The Anchorage airport, Alaska’s largest, temporarily shut on Saturday to inbound traffic because of a bomb threat against a China Airlines cargo flight bound for Asia.
The cargo plane diverted to Ted Stevens Anchorage International Airport early in the morning after leaving Seattle, airport officials said. No bomb was found and the airport was reopened shortly before noon, officials said.
The plane was searched in a secure, remote section of the airport, the airport said in a statement, with the Federal Bureau of Investigations and Anchorage Police Department.
“After extensive investigation, no explosive device was located,” the airport’s police and fire department said in a statement. “Investigation at the airport has been completed, however, the investigation into the source of the threat continues.
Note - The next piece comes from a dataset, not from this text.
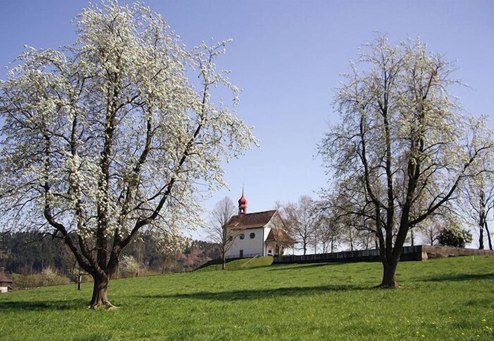 This was a gorgeous apartment and we really didn't want to leave. A bit tricky to find (Google sent us the wrong way round), but then we found the shorter way! Surrounded by fields and Swiss cows with bells, plenty of parking, a code to get into the building, apartment, washing room and parking. The apartment was so modern and had everything you needed (apart from air conditioning - that would be my only improvement!). The apartments are so soundproof that you don't hear any other guests, the main beds are like sleeping on clouds, however the sofa bed was very squeaky (rolling over woke me up everytime!). The tele had the BBC so we got to watch the Olympics (which was a huge unexpected bonus). A 30 min drive to Lucerne, walks and bike rides straight from the door, a local shop 1 min walk away.

The FBI does not believe there is any continuing threat to our community as a result of this incident.”
The Anchorage Daily News said the plane was headed to Taipei, Taiwan and the threat had been called into the Port of Seattle, quoting an FBI spokesman who said investigators were still trying to determine the source of the threat.
China Airlines, Taiwan’s largest carrier, said in a statement the flight had already taken off for Taipei when it was informed of the threat by Seattle airport. The plane was then diverted to Anchorage.
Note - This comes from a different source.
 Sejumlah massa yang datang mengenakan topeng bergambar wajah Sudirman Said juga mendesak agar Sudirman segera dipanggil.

The crew were taken to a hotel to rest while police searched the aircraft and determined nothing unusual, it added.
The aircraft is expected to land in Taipei late Sunday evening, China Airlines said.
Anchorage Airport is one of the world’s top five air-cargo hubs. It ranks second in the nation for weight of landed cargo. It ranks 58th in passenger travel among US airports.
While passenger flights have been sharply curtailed during the coronavirus pandemic, air cargo operations are considered by the state to be essential and have continued.
Flights that could not land in Anchorage on Saturday morning were advised to consider diverting to the airport in Fairbanks, another cargo hub.